Clinically, acute pancreatitis typically presents with acute, severe epigastric abdominal pain that often radiates to the back and is often accompanied by nausea and vomiting. On physical examination, patients may exhibit epigastric tenderness, guarding, a low-grade fever, and, in severe cases, signs of a systemic inflammatory response. The best initial diagnostic step includes measuring serum lipase and amylase levels, with lipase being more specific and typically elevated to more than three times the upper limit of normal. Imaging, particularly contrast-enhanced computed tomography (CT), is the best confirmatory test for visualizing pancreatic inflammation, ruling out necrosis or peripancreatic fluid collections, and identifying alternative abdominal pathologies. Drug-induced acute pancreatitis (DIAP), on the other hand, is considered a diagnosis of exclusion. Common causes of acute pancreatitis must be ruled out initially, such as gallstones and chronic alcohol usage. DIAP is then confirmed with observed improvement in symptomatology after discontinuation of the drug in suspicion.
While the majority of cases are linked to gallstones or alcohol use, less prevalent causes include hypertriglyceridemia and adverse drug reactions [4]. Although rare, DIAP accounts for less than 5% of all cases and is especially important in recurrent or idiopathic cases [5]. Several drugs have been implicated in drug-induced acute pancreatitis, such as azathioprine, didanosine, valproic acid, and tetracyclines. Hydrochlorothiazide (HCTZ), a commonly prescribed thiazide diuretic for hypertension and fluid retention, has been reported in isolated cases as a potential cause of drug-induced acute pancreatitis. Hydrochlorothiazide's mechanism of action works by inhibiting sodium reabsorption in the distal convoluted tubules, promoting diuresis, and reducing blood pressure. Common side effects include hypotension and electrolyte imbalances, such as hypokalemia, hyponatremia, hyperuricemia, and hypercalcemia.

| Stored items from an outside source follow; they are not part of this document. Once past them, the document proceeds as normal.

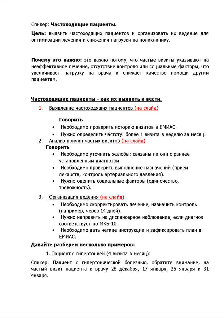 Спикер: Частоходящие пациенты.Цель: выявить частоходящих пациентов и организовать их ведение для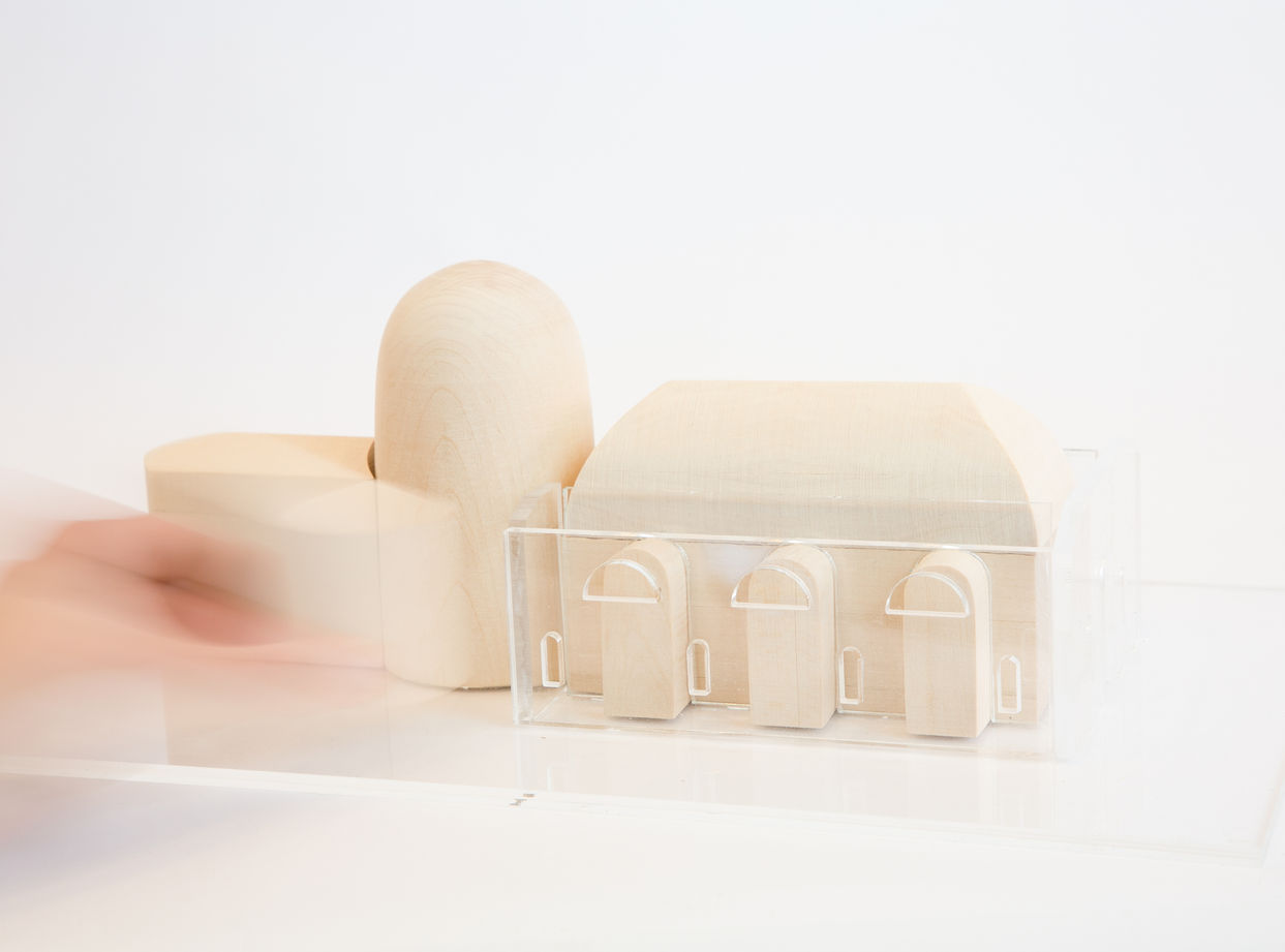 Hand carved wood, acrylic, PVA 3D print, Second Year Spring 2024 studio.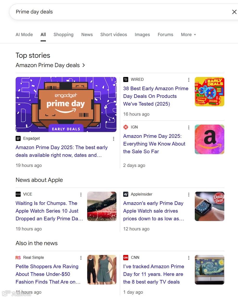 如果在 Google 上搜索 Prime Day deals, 已经有非常多的内容。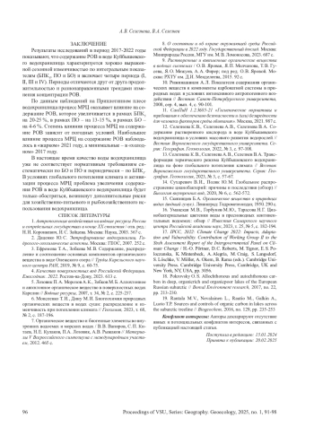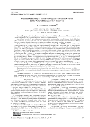 СЕЛЕЗНЕВА А. В., СЕЛЕЗНЕВ В. А. СЕЗОННАЯ ИЗМЕНЧИВОСТЬ СОДЕРЖАНИЯ РАСТВОРЕННЫХ ОРГАНИЧЕСКИХ ВЕЩЕСТВ В ВОДЕ КУЙБЫШЕВСКОГО ВОДОХРАНИЛИЩА // ВЕСТНИК ВОРОНЕЖСКОГО ГОСУДАРСТВЕННОГО УНИВЕРСИТЕТА. СЕРИЯ: ГЕОГРАФИЯ. ГЕОЭКОЛОГИЯ. 2025. № 1

This case report highlights an instance of hydrochlorothiazide-induced acute pancreatitis in a 72-year-old patient who presented with a chief complaint of epigastric pain and hypertensive urgency. A comprehensive workup, including laboratory tests and imaging, revealed that the recent reinitiation of hydrochlorothiazide had instigated the episode of acute pancreatitis, and discontinuation of the drug led to clinical improvement, supporting a diagnosis of hydrochlorothiazide-induced acute pancreatitis. This case highlights the need for a high level of suspicion for medication-induced pancreatitis, especially in patients presenting with atypical symptoms or recent changes in their pharmacological treatment. As of late, there are 18 published papers on HCTZ-induced DIAP, underscoring the rarity of this condition and its clinical significance. This case report reinforces the importance of clinicians recognizing DIAP as a potential, albeit rare, side effect of HCTZ use, notably in patients with a supportive clinical presentation.
Case presentation
The patient is a 72-year-old man with a past medical history of hypertension and coronary artery disease with a percutaneous stent placed 11 years before the current presentation. He presented to the emergency department with a chief complaint of hypertensive emergency associated with chest and abdominal pain.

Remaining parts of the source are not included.